Livonia is the debut album by His Name Is Alive. It was originally released by 4AD on June 25, 1990 in the United Kingdom and in 1992 on 4AD/Rykodisc in the United States.

History
Livonia is the debut LP by Livonia, Michigan's His Name Is Alive (or HNIA). Frontman Warren Defever began recording on a 4-track recorder in his parents' basement while still in high school.  As a result, this album is made up of material originally recorded from 1985 through 1989, rough versions of which appeared in 1988 on a self-released cassette called I Had Sex With God.

In a 2006 interview, Defever recounts that he sent the cassette to 4AD label president Ivo Watts-Russell in 1988, who initially felt that Defever and his band "needed a lot of work."  Ivo also said he wasn't interested in signing any more American bands, due to the difficulty of time zone differences and finding US distribution.  He also suggested that Defever try Rough Trade's US branch.  Defever responded that he had already been rejected by that label, and continued to submit cassettes to 4AD,  with revised and improved versions of the songs appearing on each new tape.

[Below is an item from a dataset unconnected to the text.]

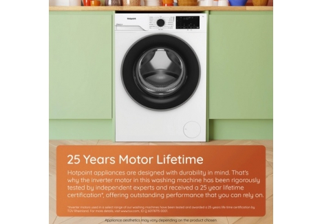 Yes, the appliance boasts an A-30% energy rating, making it one of the more efficient options available. The certified inverter motor is built to last up to 25 years, offering consistent performance with reduced energy consumption. This motor also contributes to quieter operation, with a noise level of just 72 dB during spinning. Combined with a water usage of 49 litres on a standard wash, the Hotpoint washing machine HBWH 93 CARE with SteamCare and inverter motor is both environmentally conscious and cost-effective.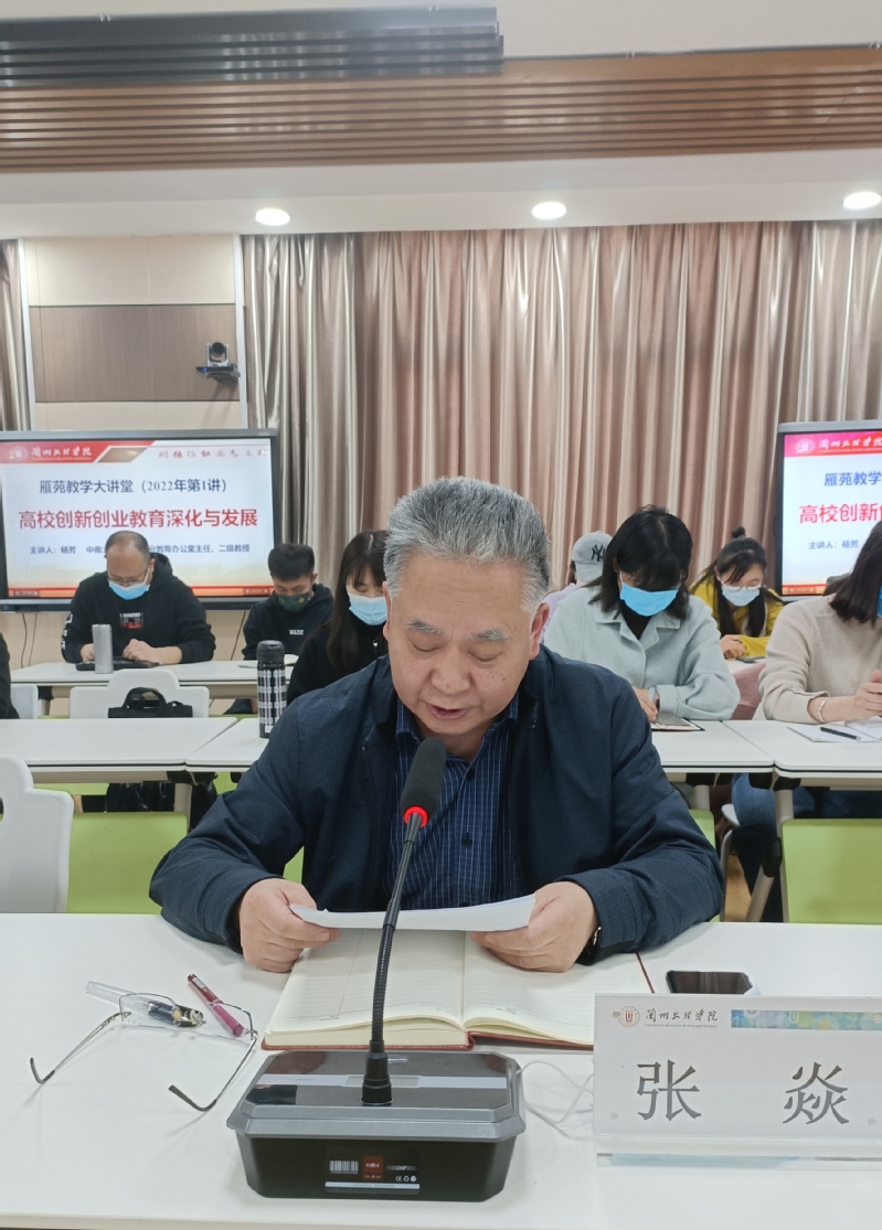 2022年3月10日下午,Beat365唯一官方网站雁苑教学大讲堂2022年第一讲(总第9讲)顺利开讲,学校特邀中南大学创新创业教育办公室主任、中国高等教育学会创新创业教育分会秘书长杨芳教授,为Beat365师生作题为《高校创新创业教育深化与发展》的线上报告。副校长张焱主持,各二级学院院长、教学副院长、教研室主任、专业负责人、全体无课教师及“互联网+”大学生创新创业大赛参赛学生参加本次学习。

Over time, Ivo and his This Mortal Coil partner John Fryer felt they could actually mix Defever's home recordings into something that 4AD could release, and the album finally appeared in the summer of 1990.  Due to Ivo and Fryer's contribution, along with other superficial similarities, HNIA were often compared to This Mortal Coil during their early years.

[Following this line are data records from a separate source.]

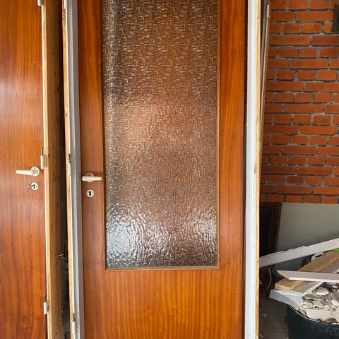 Den ene dør har monteret 2 udluftnings huller nederst ( brugt i badeværelse )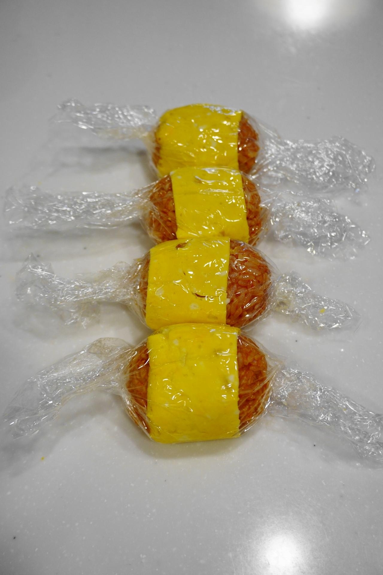 更に4)のケチャップライスおにぎりを6)の薄焼き卵を巻き~ラップで包み(キャンディー状に)暫くそのまま馴染ませる。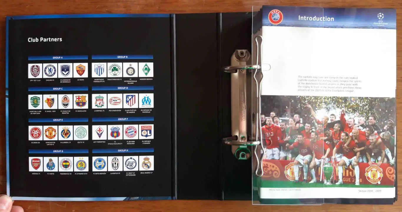 Ежегодный справочник, официальный продукт УЕФА к новому сезону Лиги чемпионов. Сезон-2008/2009 (есть и другие, узнавайте, оптом - дешевле). Компактный и удобный в пользовании: брошюрки на скоросшивателе - история и статистика, представление каждого клуба-участника группового турнира (с визиткой и фото каждого игрока), много другой важной и полезной информации.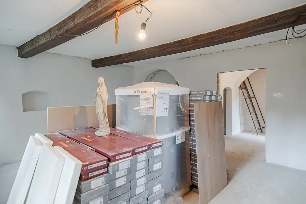 Exkluzivně nabízíme k prodeji rodinný dům / chalupu v klidné části obce Zámrsk. Stavba pochází z konce 18. století a v roce 2021 ji současní majitelé zakoupili s cílem vytvořit pohodlné a moderní bydlení se zachováním venkovského charakteru. Ihned po koupi byla zahájena kompletní rekonstrukce, která zahrnovala klíčové stavební a technické úpravy – dům má novou střešní krytinu včetně opraveného krovu a střešních oken, vyvložkovaný komín, vodovodní a kanalizační přípojka včetně domovních rozvodů v plastu, nová elektroinstalace a datové rozvody, nové zateplené podlahy v přízemí s podlahovým topením a zateplené podlahy v patře s rozvody vytápění v patře, chemickou hydroizolaci spodní stavby doplněnou o sanační omítky, zateplené obytné podkroví po celé délce domu se sádrokartonovými podhledy. Do domu je přiveden internet (CETIN), elektroinstalace je dimenzována na instalaci wallbox. U domu je nainstalovaná venkovní jednotka tepelného čerpadla typu vzduch–voda; vnitřní části jsou uskladněny v domě a připraveny k zapojení. Celý dým je možné dále rozšířit díky navazujícím hospodářským částem – dvě stodoly jsou přístupné zvenčí. V přízemí se nachází po pravé straně koupelna s WC. Naproti vchodu se nachází technická místnost a vlevo od vchodu je prostorná světnice s připraveným napojením na krbová kamna, která tvoří srdce celého domu. Patro je řešeno jako volný obytný prostor s plánovanými dvěma ložnicemi a společenským prostorem. Součástí prodeje je kompletní projektová a elektro dokumentace včetně fotodokumentace a architektonických vizualizací interiéru (světnice, koupelna, patro) a také stavební a dokončovací materiál, který je již fyzicky na místě a je zahrnut v kupní ceně. Konkrétně se jedná o laminátové podlahy do celého domu (mimo koupelnu), materiál na obestavbu krbové vložky (Skamotec), sprchovou vaničku z litého mramoru, sprchový kout – zástěnu, vinylovou podlahu do koupelny, zateplovací materiál EPS 70 F180 a zakládací hliníkový profil. Energetický štítek budovy aktuálně uvádí třídu C, a to bez zohlednění instalace tepelného čerpadla a plánované výměny oken a dveří. Projektová dokumentace čeká na ověření stavebním úřadem ve Vysokém Mýtě. Dům se nachází v klidné části obce Zámrsk, téměř na konci slepé ulice s minimálním provozem. Obec Zámrsk leží přibližně 5 km od Vysokého Mýta, protéká jí řeka Loučná a díky své poloze i vybavenosti je ideální volbou pro trvalé bydlení i rekreační využití.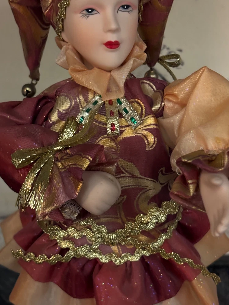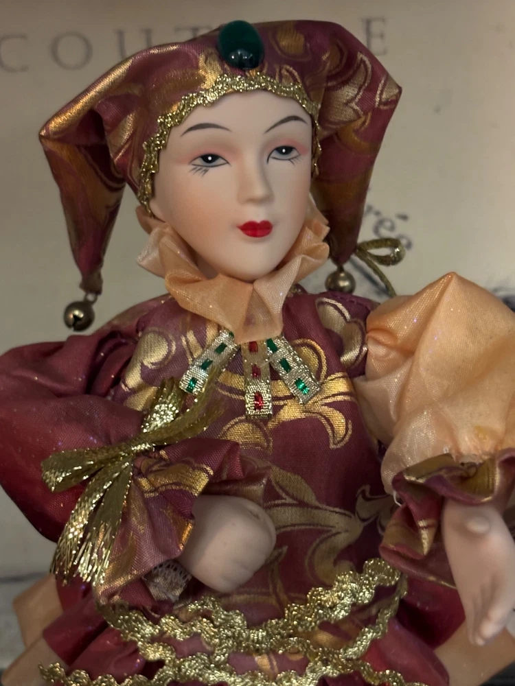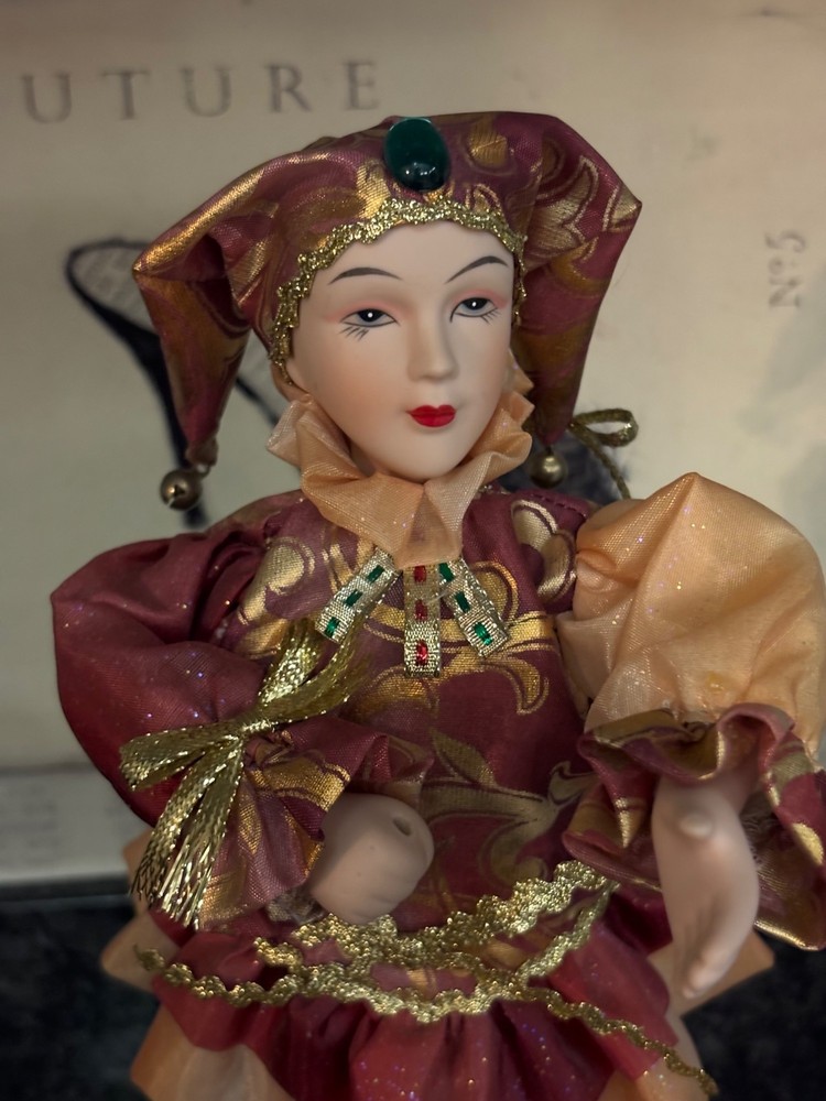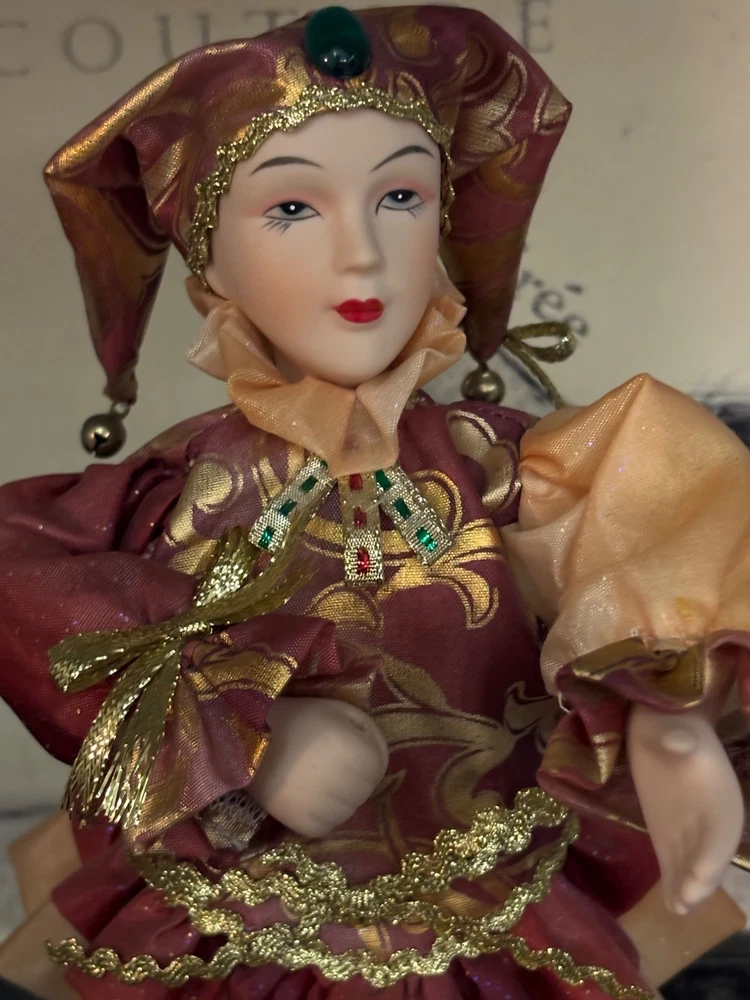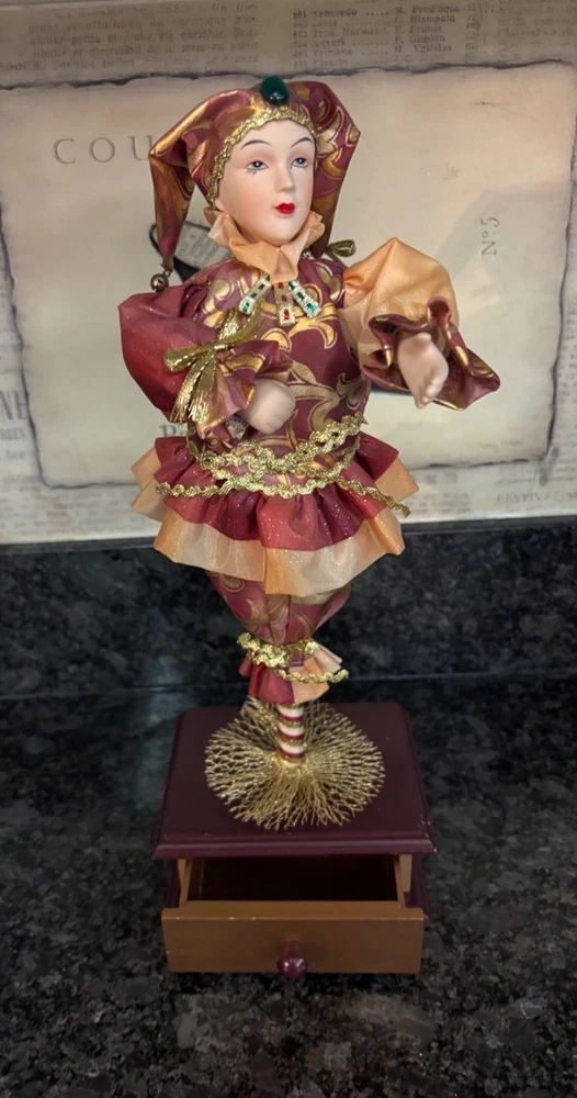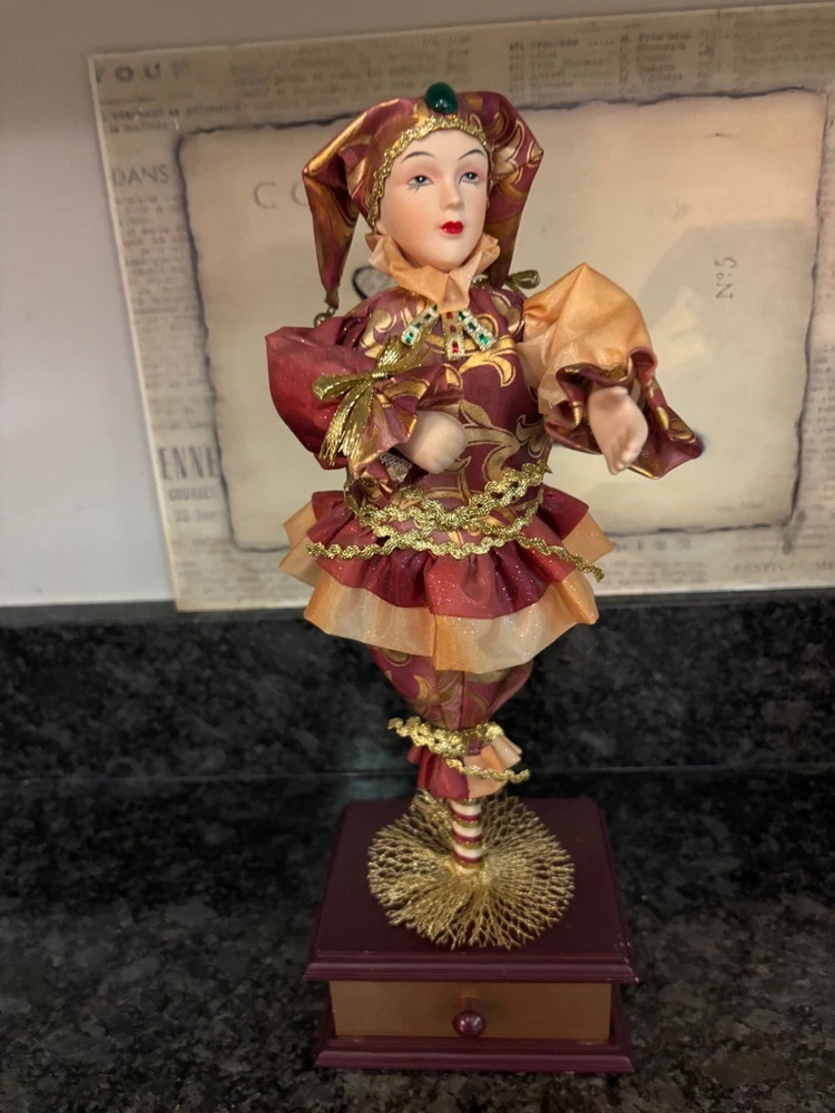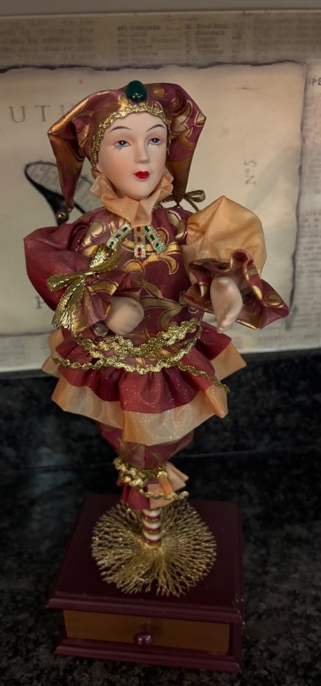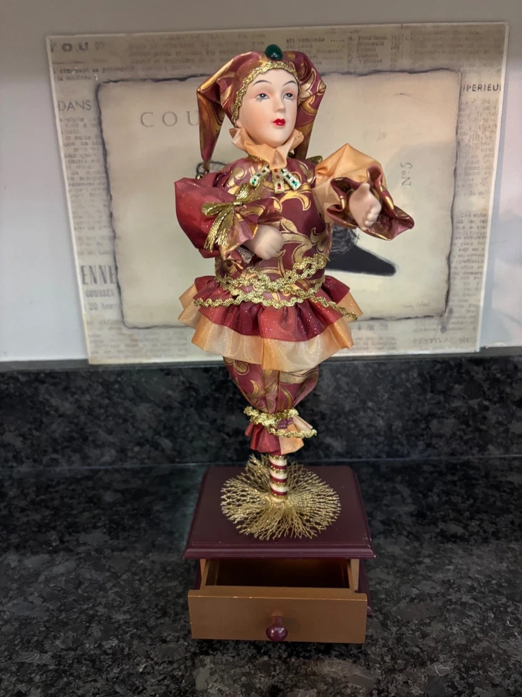 This porcelain harlequin doll is dressed to impress in burgundy and gold, ready to pirouette atop a music box that sings sweeter than your shower voice. • Porcelain doll with intricate hand-painted features • Burgundy & gold detailed outfit • Functional San Francisco music box base • Measures approximately 12 inches tall Has a drawer for Jewlery or stash Minor wear on music box base, no significant flaws on doll or outfit. Please see all photos as they are part of the description. Always open to reasonable offers! Jewelry is never cleaned as we want to preserve its timeless beauty and aging. Vintage items tell a story and we would like you to see that story. It also allows the new owners to clean in a way that is right for them.

The recordings originally consisted of Defever providing the bulk of the music, with Angie Carozzo providing vocals.  Once Defever met Karin Oliver in college, he recruited her to become the band's primary vocalist.  The album still credits Carozzo as a member, although very few of her vocals remain in the finished product (tracks 10 and 11), and she left the band shortly after the album's release.

Track listing
The album was only available in the United States as an import until 1992, when Rykodisc reissued the album on CD, with an instrumental bonus track called "Livonia" appearing at the end of the album. The track was only available on the Rykodisc pressing and was not included on any subsequent 4AD reissues.

Personnel

Musicians
 Warren Defever – guitars, basses, samples
 Karin Oliver – vocals
 Angie Carozzo – vocals
 Damian Lang – percussion on "E-Nicolle", "Fossil" and "reincarnation"
 Jymn Auge – guitar on "Fossil"
 Tracy – bassoon on "You and I Have Seizures"

Production
 Ivo Watts-Russell and John Fryer – mixing (at Blackwing Studios)
 Vaughan Oliver/v23 – art direction and design
 Beverly Carruthers – photography
 Chris Bigg – design assistance

Livonia Strings
In 2006, Defever released through his Silver Mountain Media record label a new version of Livonia, with instrumental strings versions of most of the songs from the original album.  In the interview referenced above, Defever said the strings project was originally conceived as a joke while still signed to 4AD.  He tried to convince the label that he had originally intended the album to be done with strings and he should be given the chance to re-record the album as "originally intended."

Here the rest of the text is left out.